This is a typical portrait of the ballplayer as goofball. Players take turns assuming this character in big league clubhouses. It’s a necessary one; these men eat, sleep and travel with each other for eight months out of the year. They adopt each others’ ritualistic ticks and sacrificial mannerisms. They defend each other (often irrationally, sometimes physically, on as public a stage as you could imagine) over perceived injustices. Theirs is an underworld constantly on display, every night, for the rest of the world. Levity and fraternity are essential to make it through the grind in one piece.

Where the fans fit into this paradigm is unclear, and has become even more complex since the advent of social media. You can see the sympathetic gears that were turning in the head of some front office social media manager while outfitting Gallo with a microphone last spring. This was a good guy, liked by his teammates, simply coming off a tough year. Gallo was hitless in the Yankees’ defeat to the Red Sox in last postseason’s one-game Wild Card. That the team managed just two runs was immaterial to most of the fanbase. Gallo, the “three-true outcome” prototype — and one perpetually flirtatious with the Mendoza line — had underperformed down the stretch. This was inexcusable.

Pete Rose, charmer that he is, lent his thoughts to the media a week later: “That was the worst fucking lineup they could have put on the field. Their six, seven, eight, nine hitters were all out-men. They had to have Judge and Stanton do something. If they didn’t, all of the pressure was on Joey Gallo. You saw how that worked out…How does someone who didn’t play every day strike out 213 times? Ray Charles wouldn’t strike out that much. I just can’t imagine striking out 213 times without killing myself.”

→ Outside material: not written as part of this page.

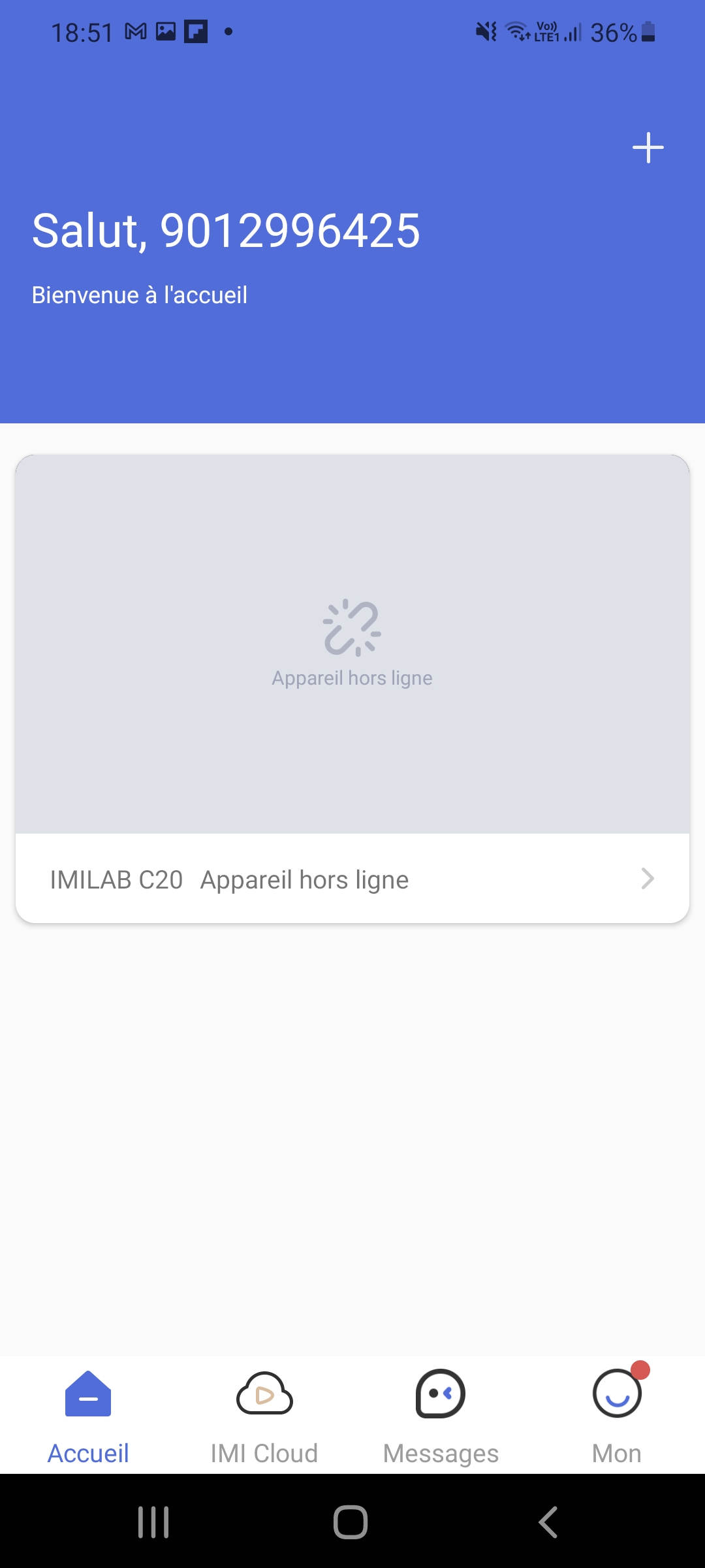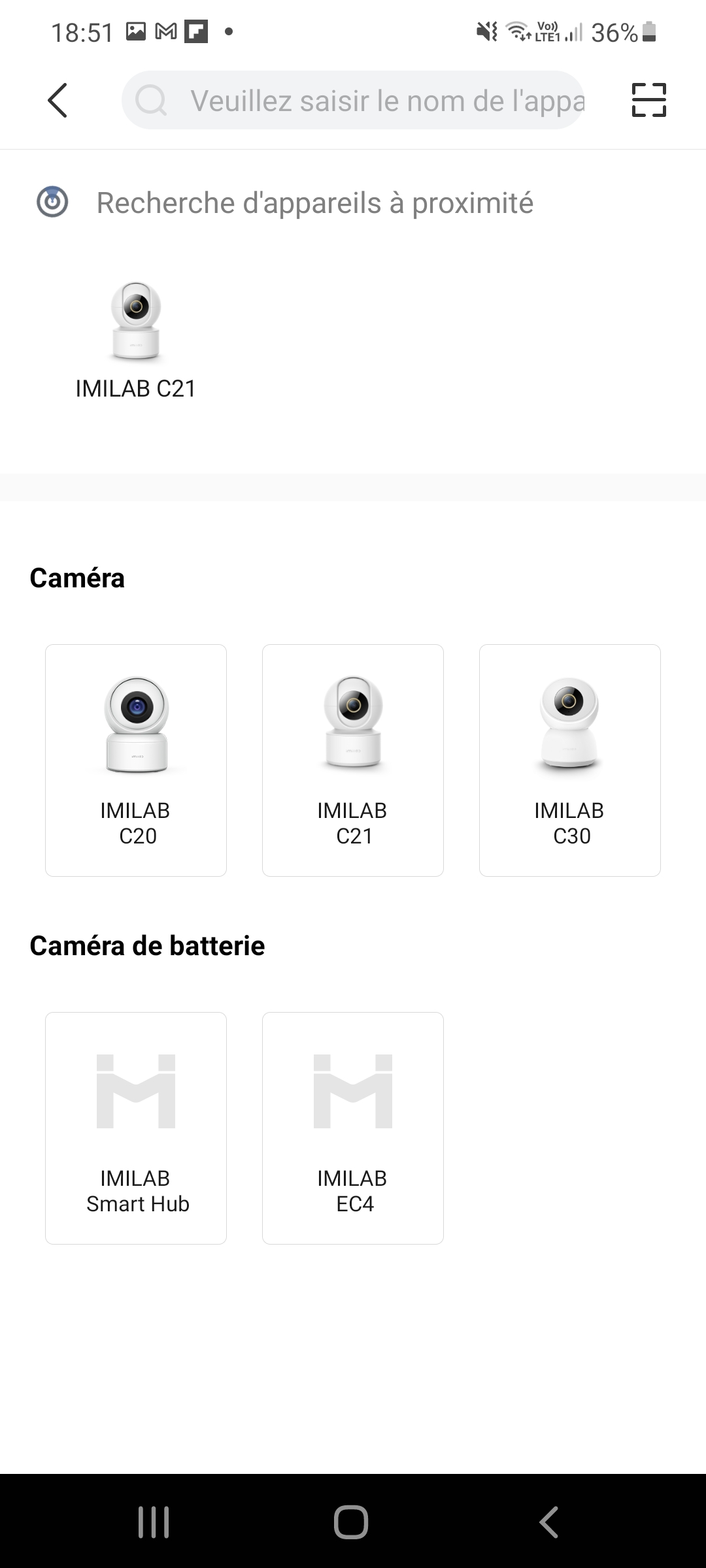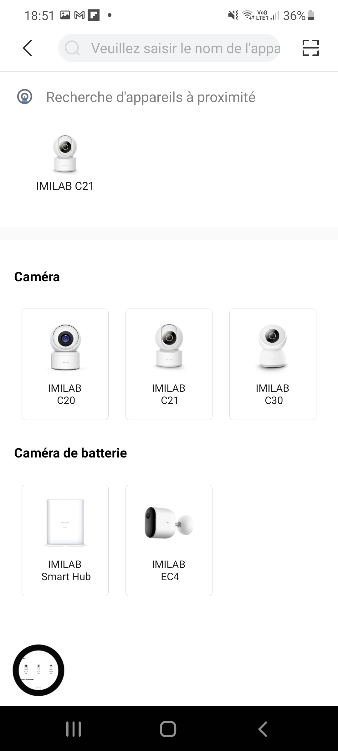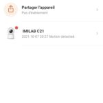 2. Association de la caméra: il faut appuyer sur le bouton + en haut à droite de l'écran et choisir la Imilab C21 parmi les caméras disponibles.

Gallo was traded to the Los Angeles Dodgers yesterday for a minor league hurler. According to Yankee insiders, he was packing his locker two days ago, absolutely convinced his time with the team was over.

By all accounts, after Rose’s comments — and those of many other radio pundits and armchair experts — Gallo worked to rectify his swing and approach this offseason. He isn’t a lazy person. He’s a professional ballplayer who’s hit over 40 home runs twice, and won multiple Gold Gloves patrolling the outfield grass. He’s also a lifelong Yankees fan — as was widely reported when he joined the team last year. His parents are originally from the New York metro area. And his contract expires after this year. What more incentive could he have possibly needed to succeed in pinstripes?

But those pinstripes, as YES broadcaster Cameron Maybin noted so eloquently this week, weigh heavier for some players. (Maybin incidentally also has the top comment on the Gallo video from last March. He wrote: “I love this! @joeygallo24 is a vibe.”) Gallo didn’t see too many home runs reach the second-deck in The Bronx. He has just 12 home runs this year, and 25 hits total, otherwise. Eight of these home runs (and 21 of his total hits) have occurred on the road, where he has driven in more runs, scored more runs and walked more.

New York morphed into a living nightmare for Gallo this season, which is especially shocking considering the Yankees are enjoying their most productive year since 1998 — universally considered one of the franchise’s best-ever. En route to a record that has had them atop the American League since early May, Gallo was the lone sour spot amongst position players; some sportswriters observed that while his teammates celebrated on their way off the field each night, he looked downtrodden, perhaps still processing another three-strikeout performance.

Yankee fans could not accept this blight on what had otherwise started to feel like a perfect season. Aaron Judge was putting together an MVP campaign, wily journeyman Nestor Cortes made it to the All-Star game and guys like Clay Holmes, Anthony Rizzo and Jose Trevino were all excellent bounce-back stories. In mid-May, WFAN radio personality Craig Carton blasted Gallo on air, concluding the 28-year-old had no right to play on such a historic team: “How about a little something we call work ethic? How about practice? How about being a professional? You’re batting .190! You’re telling me it’s gonna get worse? You gotta go. You’re making $12 million a year, you can’t play here anymore.”

In hard-nosed sporting cities like New York, Boston and Philadelphia, there is a bizarre, broadly accepted concept that tough love is one-size-fits-all. Media attention is relentless, and online warriors work for free, producing an endless merry-go-round of complaints and critiques (which aren’t afraid to veer profane or violent in nature).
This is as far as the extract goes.